Poetry Review — The Garden

It is not Winter, not the cold we fear;
It is the dreadful echo of our void,
The malice all around us, manifest;

The Garden by Vita Sackville-West
The Garden by Vita Sackville-West seems to be a smaller, earlier version of The Land with less geography. The poem was published in 1946 and falls in line with Sackville-West’s essays and writing of the time. She wrote that during the war gardening was an escape from the destruction of the war. It was creating beauty and a reminder that there were better things in the world even amidst the destruction.

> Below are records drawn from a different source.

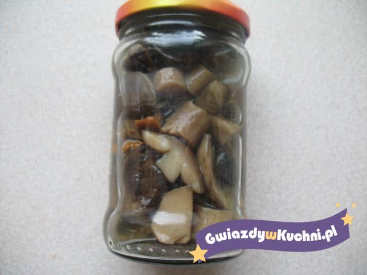 Prośnianki (oraz inne znalezione pojedyncze grzybki) oczyszczamy, kroimy na części, obgotowujemy w osolonej wodzie, odcedzamy, przekładamy do słoików. Z pozostałych składników zagotowujemy zalewę, zalewamy grzyby, zakręcamy. Pasteryzujemy 20 min.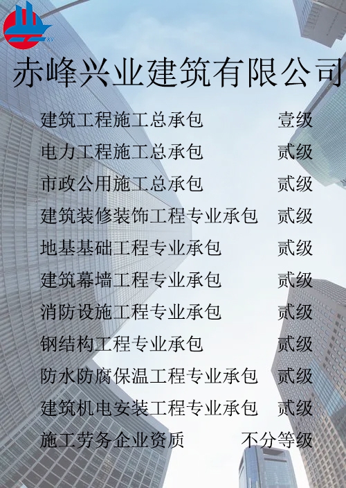 赤峰興業(yè)建筑有限公司簡介 赤峰興業(yè)建筑有限公司成立于1998年7月,位于內(nèi)蒙古赤峰市松山區(qū)?,F(xiàn)已發(fā)展成為擁有建筑工程施工總承包壹級、電力工程施工總承包貳級、市政公用工程施工總承包貳級、承裝、修、試四級、?建筑裝修裝飾工程專業(yè)承包貳級、建筑幕墻工程專業(yè)承包貳級、消防設施工程專業(yè)承包貳級、地基基礎工程專業(yè)承包貳級、鋼結構工程專業(yè)承包貳級、建筑機電工程專業(yè)承包二級、防水防腐保溫工程專業(yè)承包貳級以及建筑施工勞務等資質的綜合性建筑施工企...
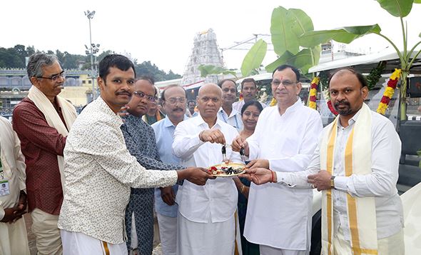 శ్రీవారి ఆలయం ముందు వాహనాలకు పూజలు నిర్వహించిన అనంతరం కెవిబి మేనేజింగ్ డైరెక్టర్ బి.రమేష్ బాబు టీటీడీ ఈవో శ్రీ ఎవి ధర్మారెడ్డికి బ్యాటరీ వాహనాల తాళాలు అందజేశారు. ఈ కార్యక్రమంలో కెవిబి డైరెక్టర్లు, విజివో శ్రీ బాలిరెడ్డి, డిఐ శ్రీ జానకిరామి రెడ్డి తదితరులు పాల్గొన్నారు.
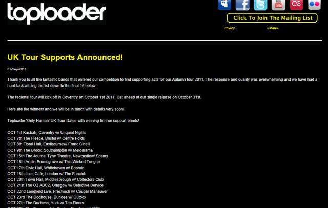 Concert listing – ToploaderOfficial.com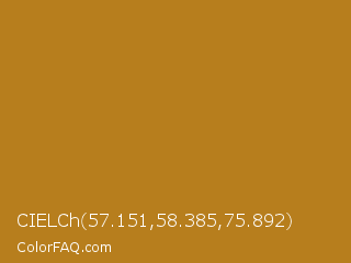 CIELCh 57.151,58.385,75.892 Color is a normal orange color and the nearest color is Mandalay #ad781b. Hex code #b77e1d and RGB value is rgb(183,126,29). In RGB color space, this color is composed of 72% red, 49% green, 11% blue, In CMYK color space, this color is composed of 0% cyan, 31% magenta, 84% yellow , 28% black , In HSL color space, this color has a hue angle of 38° , 73% saturation and 42% lightness.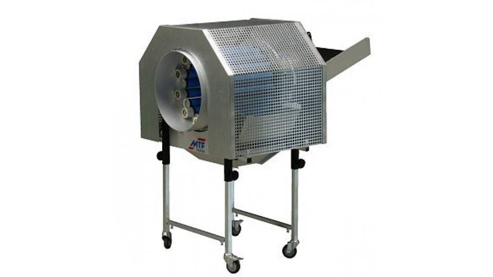 The drum cages of MTF separation drums are driven by a friction wheel as standard. Thus serious injuries to machine operators by the spinning cage are already prevented. However, sharp-edged pieces that come through the separation gaps can pose a safety hazard.
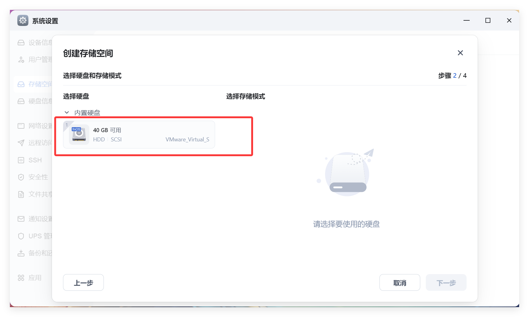 选择唯一可用的硬盘(虚拟机只分配了一块,正常的NAS中可能多块),然后开始选择存储模式: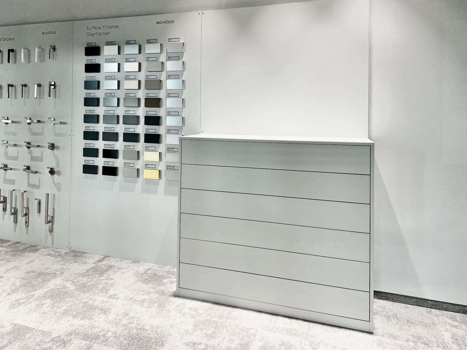 Jeder der drei Räume ist mit einer individuellen, großen Bildcollage bestückt, die verschiedene Gebäudefassaden zeigt, die von AluKönigStahl konzipiert und gebaut wurden.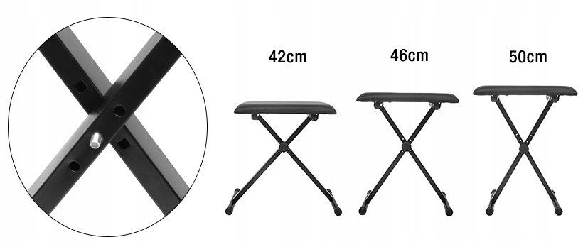 Легке та зручне крісло з сидінням з високоякісної екошкіри. Ідеально підходить для піаніно, клавіатури або навіть під час гри на гітарі.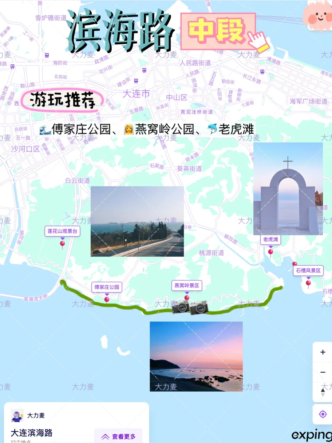 🌊游玩路线:付家庄公园-燕窝岭-老虎滩

Like The Land, the poem is divided into four seasons starting in winter. Each season is described in the eyes of a gardener. There are gardening tips gently mixed into the description of the seasons as well as almost a spiritual feeling for each season. The structure is a mix of non-rhyming poetry with random rhyme schemes added for effect. Even when the rhymes are in couplet form, they do not seem forced and help pull the reader into the rhythm of the season. The poem creates smooth transitions into each season much like nature, there are no abrupt changes:

But winter passes. March is not yet done
Before the solace of a warmer sun
Strokes on our hands and takes us by surprise
With a forgotten touch on naked skin.

and summer moves into fall:

The medlar and the quince’s globe of gold.
How rich and fat those yellow fruits do hang!
They were light blossom once, a light-foot girl,
All cream and muslin once, now turned to age
Mellow with fine experience.

Although the poem centers on the near Sackville-West includes her thoughts on the nativity in the winter section. The Garden is a well thought out and executed poem and one that manages to live beyond the period of post-war Britain. It may be the today’s wars, road rage, crumbling infrastructure, workplace stress, and other modern facts of life still need something like The Garden to remind us of better things.